> DATASET EXCERPT:
——

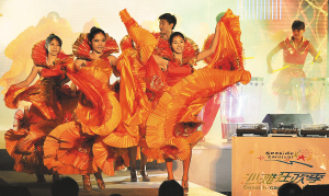 紧接着,一支狂热的DJ舞曲,把现场观众的热情再次调动起来,舞者倾情演绎着人们在沙滩上自由玩耍、尽情欢呼的场景,使观众领略到沙滩的无限魅力。同时,在台下观众热情的欢呼声中,伴随着悠扬的小提琴伴奏,10位身着比基尼的模特为现场观众带来了一场精彩的模特秀,曼妙的舞姿、婀娜的体态,引来了无数尖叫声和掌声,将整场晚会推向又一个高潮。
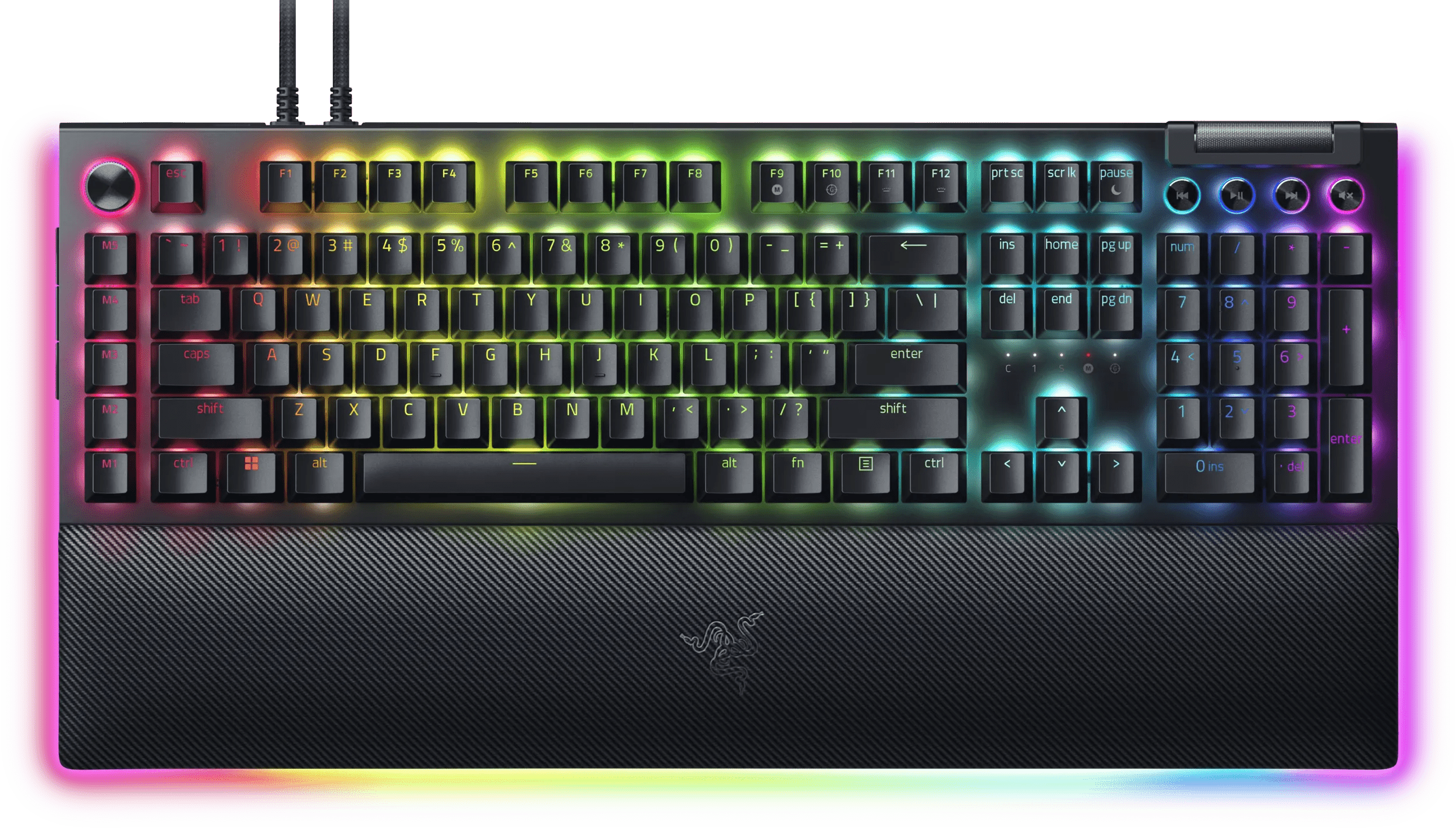Voel de feedback met elke toetsaanslag met de Razer BlackWidow V4 Pro. Dit bedrade gaming toetsenbord heeft groene, mechanische switches. Dit wordt ook wel clicky genoemd en hierdoor hoor en voel je de feedback wanneer je een toets indrukt. Met de Razer Command Dial verander je verschillende dingen met één draai aan de knop. Zo wissel je tussen verschillende apps en tabbladen of stel je de helderheid van je gaming toetsenbord in. Verder stel je de 8 extra macro toetsen in hoe jij wilt. Zo gebruik je met één druk op de knop de juiste aanval in je game. Dit is een volledig gaming toetsenbord met een numeriek blok. Hierdoor gebruik je jouw gaming toetsenbord ook voor andere dingen dan gaming. Je sluit dit gaming toetsenbord aan met de usb C naar usb A kabel. Hierdoor is het toetsenbord plug and play, waardoor je hem gelijk gebruikt. Stel zelf de RGB verlichting in per toets via de Razer Synapse software en kies tussen 16,8 miljoen kleuren. Zo past jouw gaming toetsenbord bij de rest van je setup.
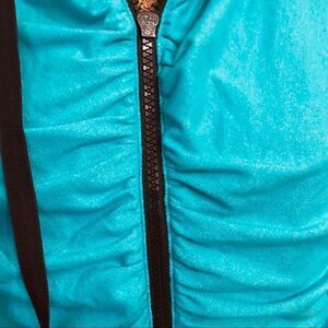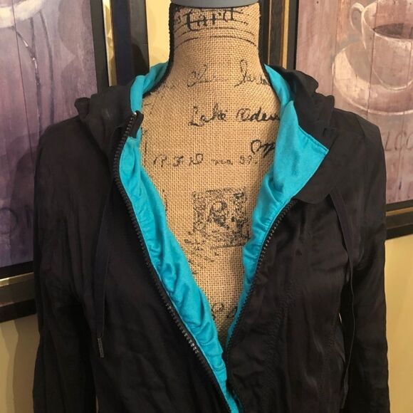 RARE Lululemon Lab Reversible Jacket Sample size M. Turquoise and Black. This was from Lululemon Labs as a sample piece. Zipper pull is not reversible so when worn with blue showing its difficult to zip up. Worn once. Excellent condition

——

> WHAT THE TASK REQUIRES: Every line of the data above should be returned exactly, with the pictures removed.

> SOLUTION TO THE EXERCISE:
 紧接着,一支狂热的DJ舞曲,把现场观众的热情再次调动起来,舞者倾情演绎着人们在沙滩上自由玩耍、尽情欢呼的场景,使观众领略到沙滩的无限魅力。同时,在台下观众热情的欢呼声中,伴随着悠扬的小提琴伴奏,10位身着比基尼的模特为现场观众带来了一场精彩的模特秀,曼妙的舞姿、婀娜的体态,引来了无数尖叫声和掌声,将整场晚会推向又一个高潮。
Voel de feedback met elke toetsaanslag met de Razer BlackWidow V4 Pro. Dit bedrade gaming toetsenbord heeft groene, mechanische switches. Dit wordt ook wel clicky genoemd en hierdoor hoor en voel je de feedback wanneer je een toets indrukt. Met de Razer Command Dial verander je verschillende dingen met één draai aan de knop. Zo wissel je tussen verschillende apps en tabbladen of stel je de helderheid van je gaming toetsenbord in. Verder stel je de 8 extra macro toetsen in hoe jij wilt. Zo gebruik je met één druk op de knop de juiste aanval in je game. Dit is een volledig gaming toetsenbord met een numeriek blok. Hierdoor gebruik je jouw gaming toetsenbord ook voor andere dingen dan gaming. Je sluit dit gaming toetsenbord aan met de usb C naar usb A kabel. Hierdoor is het toetsenbord plug and play, waardoor je hem gelijk gebruikt. Stel zelf de RGB verlichting in per toets via de Razer Synapse software en kies tussen 16,8 miljoen kleuren. Zo past jouw gaming toetsenbord bij de rest van je setup.
 RARE Lululemon Lab Reversible Jacket Sample size M. Turquoise and Black. This was from Lululemon Labs as a sample piece. Zipper pull is not reversible so when worn with blue showing its difficult to zip up. Worn once. Excellent condition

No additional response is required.